Ronneby is a locality and the seat of Ronneby Municipality in Blekinge County, Sweden with 12,029 inhabitants in 2010.

Ronneby is regarded as the heart of "the Garden of Sweden", and in 2005 the park "Brunnsparken" in Ronneby was voted Sweden's most beautiful park. 2006 the park was voted Europe's 4th most beautiful park. The church Heliga Kors kyrka was founded in the 12th century, modified and extended until the 15th century, and badly damaged during Northern Seven Years' War in the 16th century.

History
The city's oldest surviving city privileges are from 1387. The first recorded spelling of the name (around the year 1300) is Rotnæby, "the village upon the roaring (river)", so named because of the rapids on the spot. In the Middle Ages, Ronneby was an important trading and shipping town.

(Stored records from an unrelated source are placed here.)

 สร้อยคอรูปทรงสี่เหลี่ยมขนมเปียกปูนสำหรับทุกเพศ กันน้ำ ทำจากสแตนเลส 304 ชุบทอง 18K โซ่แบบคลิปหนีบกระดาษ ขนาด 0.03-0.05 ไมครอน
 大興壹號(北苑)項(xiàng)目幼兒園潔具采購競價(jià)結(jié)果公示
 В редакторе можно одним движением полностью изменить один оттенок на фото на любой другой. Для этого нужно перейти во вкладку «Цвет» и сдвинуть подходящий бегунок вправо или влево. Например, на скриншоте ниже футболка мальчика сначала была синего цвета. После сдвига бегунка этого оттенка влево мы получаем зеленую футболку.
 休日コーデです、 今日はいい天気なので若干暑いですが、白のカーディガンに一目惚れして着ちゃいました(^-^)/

In 1564, Ronneby was the location of a bloody battle during the Northern Seven Years' War between the Swedish and the Danish armies during which the Swedes under King Erik XIV besieged the city, killed many inhabitants (Ronneby Bloodbath) and burnt it to the ground. Erik later reported that "The Water was red from blood of the Danes." The number of victims was heavily exaggerated, for different propagandistic reasons, by both sides.

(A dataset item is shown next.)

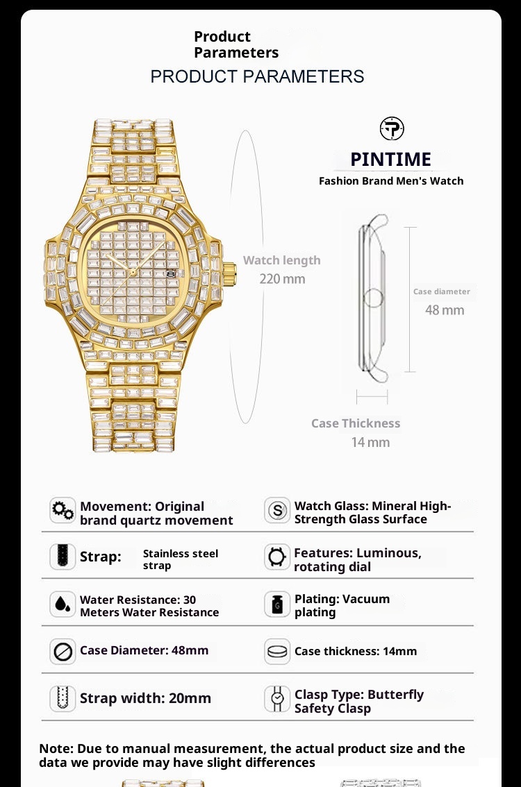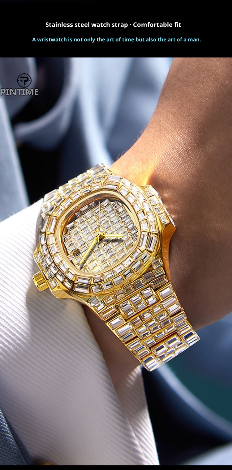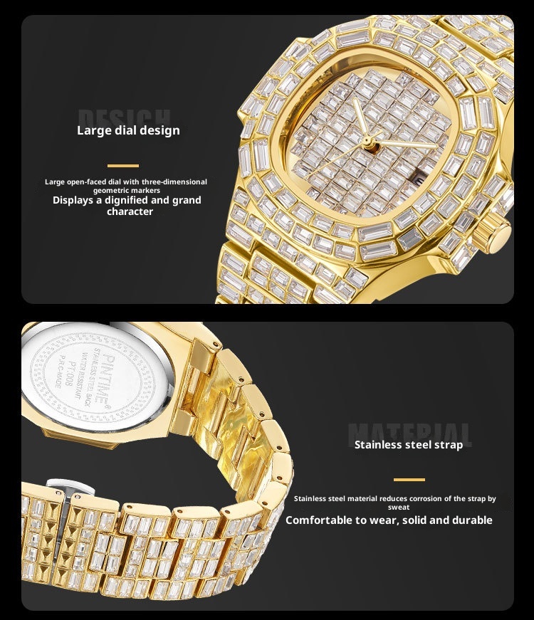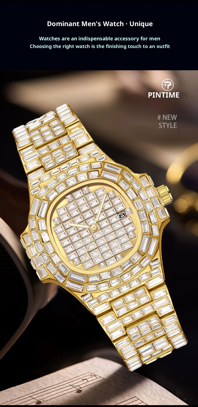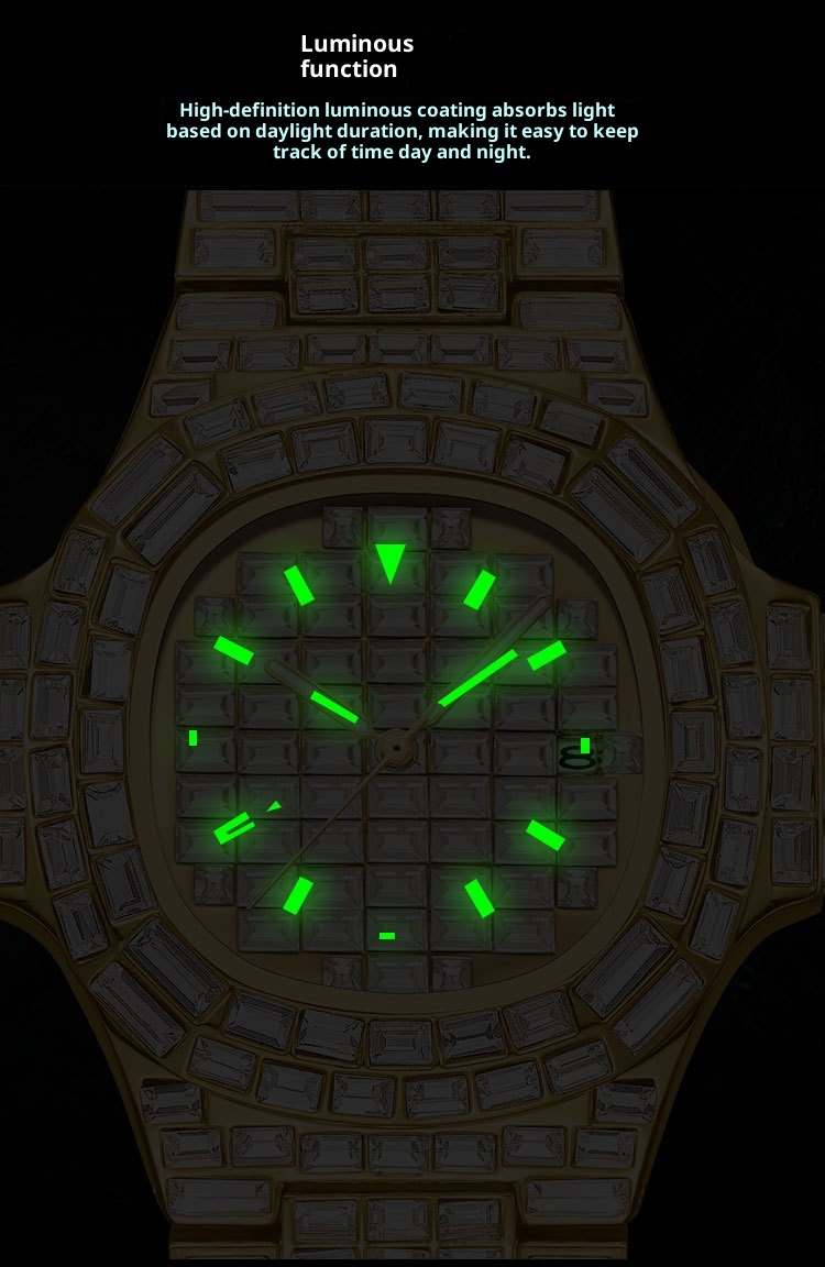 Full Square Diamond Casual Trend Waterproof Calendar Quartz Watch

Following the Treaty of Roskilde in 1658, whereby Blekinge and other southern provinces became Swedish, a navy base was built in Karlskrona – east of Ronneby – which accordingly was granted city rights, while revoking the city rights of Ronneby.

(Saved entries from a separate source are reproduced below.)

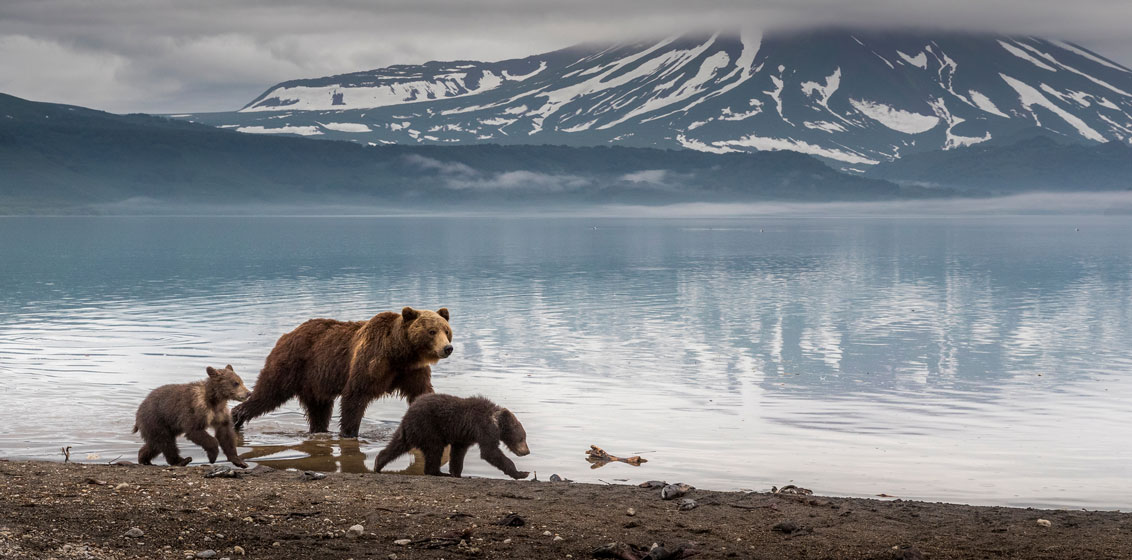 Lead image | Kamchatka brown bear and cubs on the shore of Kuril Lake, Kamchatka, Russia | © Richard l’Anson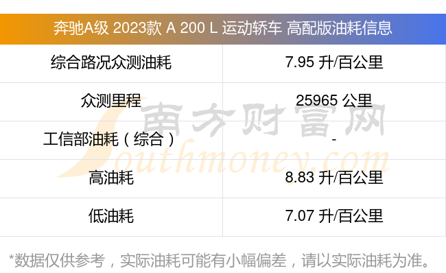 根据车主实测数据,该车型低油耗为7.07L/100km,高油耗为8.83L/100km,综合路况众测油耗为7.95L/100km,工信部综合油耗为-L/100km。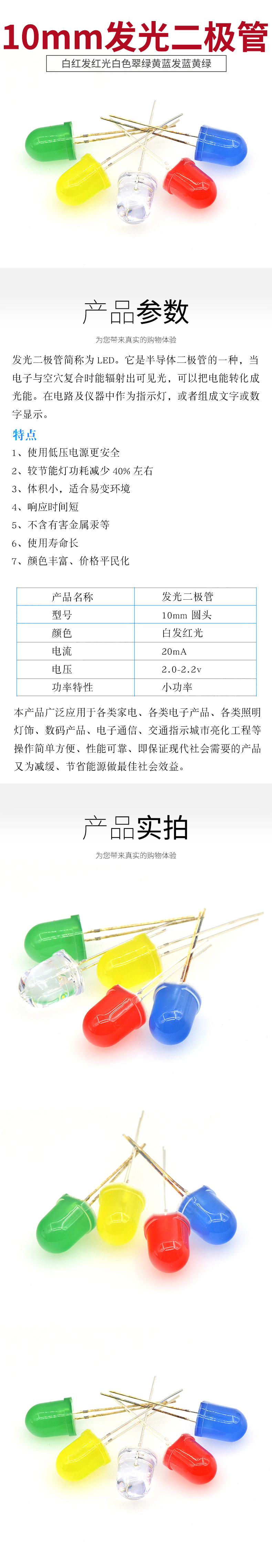 TaoTimeClub 10MM/F10 round head LED light, light-emitting diode light, ultra-bright light-emitting tube, lamp beads, 10mm white light (10 pcs)

But Ronneby did attract some industries in the 18th century. Besides the industry, it also hosted the Ronneby spa, with water believed to have healing qualities. The park around the spa can still be visited. The first source of chalybeate (ferruginous) water was found in May 1705. But the high period of the spa was in the 19th century.

After a fire in 1864, Ronneby was rebuilt according to a check pattern, which is still the model of today. Ronneby finally regained its city title in 1882. From 1971 it is the seat of the larger Ronneby Municipality.

In the 1970s, the local diving club discovered a shipwreck off the coast of Ronneby that was eventually identified by archaeologists as Gribshunden, a 15th-century Danish warship. The shipwreck is significant as one of the best-preserved wreckages from the early modern period.

Arms

Ronneby did use a coat of arms with the letter R between a star and a crescent at least since 1542. In 1882, the arms were redesigned, with the R substituted with the Ronnebyå River. The same coat of arms is used today by the municipality.

Images

Education
 Knut Hahn Secondary School, a school aimed primarily at students in their late teens. It was completely renovated in 2004, at a cost of well over 100 million SEK (roughly US$16 million). It is funded and run by the Ronneby Municipality. It features most of the national programmes, teaching arts, science, industrial work and economics among many other subjects. It has about 700 students. 
Blekinge Institute of Technology (moved to Karlskrona in August 2010)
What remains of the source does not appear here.